Tissue specificity of pseudogene expression. a Tissue samples from mouse. Somatic tissues were pooled into one sample for library preparation for each sex. b Length distribution of transcripts in ENSEMBL annotation and PacBio sequencing. c Biotype of pseudogenes detected by Iso-seq. d Venn plot shows the overlap between Iso-seq detected pseudogenes and transcribed pseudogenes annotated by GENCODE. e Expression pattern of Iso-seq detected pseudogene 4933401B06Rik. f Expression level of Iso-seq detected pseudogenes and other pseudogenes. g Proportion of expressed pseudogenes under different thresholds. h Principal component analysis (PCA) of human pseudogenes. i PCA of 1:1 orthologous pseudogenes between human and mouse. j Proportion of human expressed pseudogenes with different evolutionary ages. k Tissue specificity of human pseudogene expression. l Distribution of the tissue with maximum expression level of human pseudogenes

Besides, the expression proportion of pseudogenes exhibited an age-dependent manner (Fig. 2j), suggesting a gradual acquisition of expression regulation after birth and the old pseudogene preservation in the genome induced by selective constraints at the transcriptional level.
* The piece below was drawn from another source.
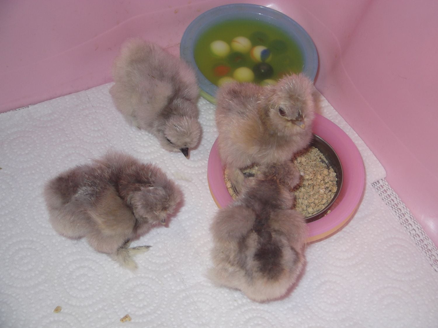 :barnie I hate when that happens! My Barred Rock has been our best winter layer too although she took several weeks off. I've been hanging onto the store bought egg cartons too in hopes that by spring I'll actually have enough extra eggs to sell. Here's what my basket of eggs looks like lately. I only get about 2 or 3 eggs per day so they add up unless we eat them everyday. Eggs from Barred Rock, RIR, Welsummer and a Silkie. I agree, it's got to be a girl..........how pretty! I finally got a picture of Mysty Blues & Mr. Puff's baby chicks. They are so precious. I put them in a pink container this time -hoping for all girls.:fl It looks like 1 splash and 3 "light" blues! :celebrate 0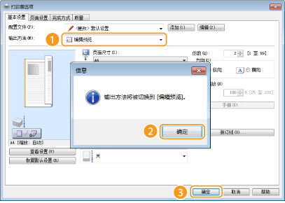 在 [输出方法] 中选择 [编辑预览]。

We further investigated pseudogene expression by origination mechanism and found that a higher proportion of pseudogenes were expressed in unitary type than in other types in both human and mouse (Additional file 1: Fig. S10), implying that some of them retained residual transcriptional activity. Although large fraction of expressed human unitary pseudogenes were detected based on the expression dataset covering successive development stages across multiple tissues, few vomeronasal and olfactory receptor-related unitary pseudogenes were expressed (3 out of 39, Fisher’s exact test, P = 2 × 10−11), demonstrating permanent loss of some olfactory function in human at the transcriptional level, which corroborated the previous observations at the DNA level [37]. In addition, the pseudogene-parent coding genes showed pronouncedly higher expression levels than non-pseudogene-generating coding genes in all tissues and developmental stages, which was more remarkable when only processed pseudogenes were considered (Additional file 1: Fig. S11), implying that the pseudogenes were more likely to be generated by highly expressed genes. These results were in line with previous studies [3, 9]. In addition, there was no difference in the generation of pseudogene between X chromosome (1.9 per protein-coding gene) and autosomes (2.1 per protein-coding gene) (P = 0.72), which agreed with our previous report of balanced expression level between X chromosome and autosomes [38].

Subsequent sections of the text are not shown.